What you need to do
Print the entries exactly as they appear, and omit any images.

Saved entries
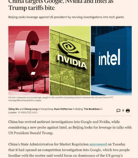 唐人日报2月5日讯:近日,中国国家市场监督管理总局宣布对Google展开反垄断调查,重点关注其Android操作系统的市场主导地位及对中国手机制造商如OPPO、小米造成的影响。据知情人士透露,中国监管机构去年12月已对英伟达展开类似调查,目前也在考虑对英特尔进行正式调查,但调查是否启动可能受中美关系的影响。
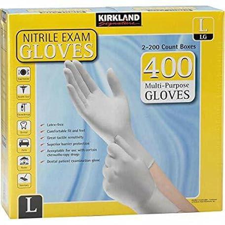 Kirkland Signature Nitrile Exam Multi-Purpose Large Gloves Latex-free 200-Count , 2-Pack (Total 400-Count Gloves)
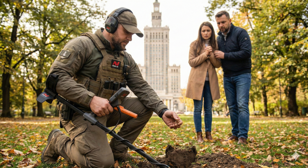 Jeśli zgubiłeś pierścionek w zaśmieconym terenie – np. w parku przy ulicy Puławskiej czy w okolicach Dworca Wileńskiego, gdzie ziemia jest pełna metalowych śmieci – używamy małych cewek typu „snajper”. Pozwalają one „wyłuskać” sygnał złotej obrączki spomiędzy dwóch zardzewiałych kapsli leżących 5 cm obok.
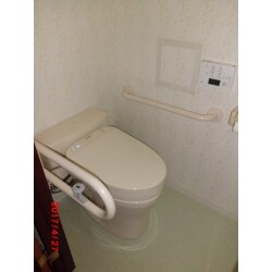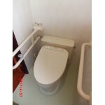 トイレに跳ね上げ式手すり・補高便座取付のため、ついでにトイレ機器交換と内装の変更
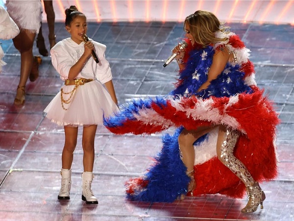 Khúc gần cuối chương trình, JLo còn choàng thêm cả áo lông vũ cờ Mỹ để tạo điểm nhấn
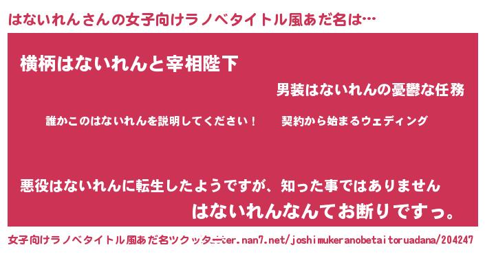 | 男性向けラノベタイトル風あだ名 | 『ハナイレンアートオンライン』 |
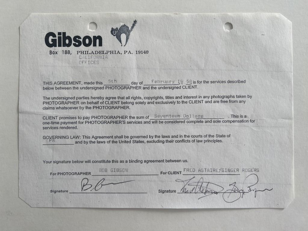 Fred Astaire and Ginger Rogers signed 1958 Gibson photography contract. 8x6 inches. DB364
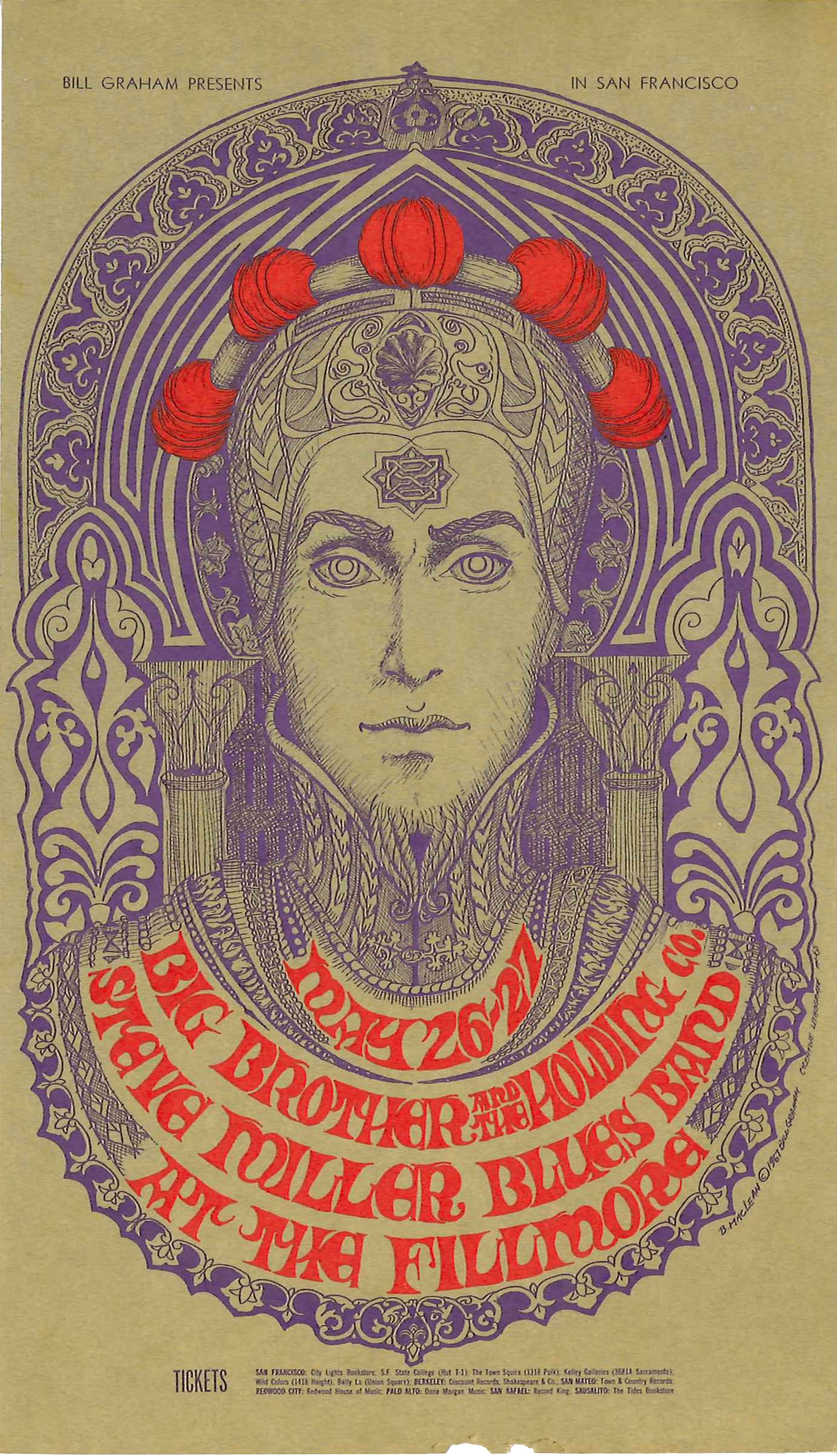 May 1967 poster for Big Brother and the Holding Company and the Steve Miller Blues Band at San Francisco's Fillmore Auditorium. Courtesy of Ron Cornelius
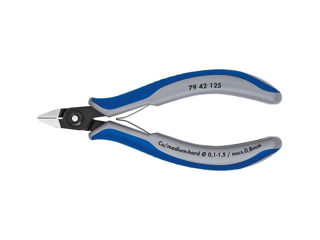 Precizní kleště pro nejjemnější stříhací práce např. v elektronice a jemné mechanice. Velmi přesně broušené, ostré břity s velmi malými fazetami na přesné řezy u citlivých elektronických součástek, rovněž bez fazet pro přesné odštípnutí. Břity doplňkově induktivně tvrzené, tvrdost břitů asi 64 HRC kováno. Hmotnost cca o 20 % nižší než u konvenčních kleští na elektroniku. šroubový kloub s precizně vyrobenými kloubními plochami pro rovnoměrný pohyb s malým třením v celém rozsahu rozevření.. Dvojitá pružina s malým odporem pro snadné a rovnoměrné rozevření.. Ergonomicky optimalizované vícesložkové návleky rukojetí. Kováno z chrom-vanadové oceli na kuličková ložiska. špičatá hlava.

Response to the exercise
 唐人日报2月5日讯:近日,中国国家市场监督管理总局宣布对Google展开反垄断调查,重点关注其Android操作系统的市场主导地位及对中国手机制造商如OPPO、小米造成的影响。据知情人士透露,中国监管机构去年12月已对英伟达展开类似调查,目前也在考虑对英特尔进行正式调查,但调查是否启动可能受中美关系的影响。
 Kirkland Signature Nitrile Exam Multi-Purpose Large Gloves Latex-free 200-Count , 2-Pack (Total 400-Count Gloves)
 Jeśli zgubiłeś pierścionek w zaśmieconym terenie – np. w parku przy ulicy Puławskiej czy w okolicach Dworca Wileńskiego, gdzie ziemia jest pełna metalowych śmieci – używamy małych cewek typu „snajper”. Pozwalają one „wyłuskać” sygnał złotej obrączki spomiędzy dwóch zardzewiałych kapsli leżących 5 cm obok.
 トイレに跳ね上げ式手すり・補高便座取付のため、ついでにトイレ機器交換と内装の変更
 Khúc gần cuối chương trình, JLo còn choàng thêm cả áo lông vũ cờ Mỹ để tạo điểm nhấn
 | 男性向けラノベタイトル風あだ名 | 『ハナイレンアートオンライン』 |
 Fred Astaire and Ginger Rogers signed 1958 Gibson photography contract. 8x6 inches. DB364
 May 1967 poster for Big Brother and the Holding Company and the Steve Miller Blues Band at San Francisco's Fillmore Auditorium. Courtesy of Ron Cornelius
 Precizní kleště pro nejjemnější stříhací práce např. v elektronice a jemné mechanice. Velmi přesně broušené, ostré břity s velmi malými fazetami na přesné řezy u citlivých elektronických součástek, rovněž bez fazet pro přesné odštípnutí. Břity doplňkově induktivně tvrzené, tvrdost břitů asi 64 HRC kováno. Hmotnost cca o 20 % nižší než u konvenčních kleští na elektroniku. šroubový kloub s precizně vyrobenými kloubními plochami pro rovnoměrný pohyb s malým třením v celém rozsahu rozevření.. Dvojitá pružina s malým odporem pro snadné a rovnoměrné rozevření.. Ergonomicky optimalizované vícesložkové návleky rukojetí. Kováno z chrom-vanadové oceli na kuličková ložiska. špičatá hlava.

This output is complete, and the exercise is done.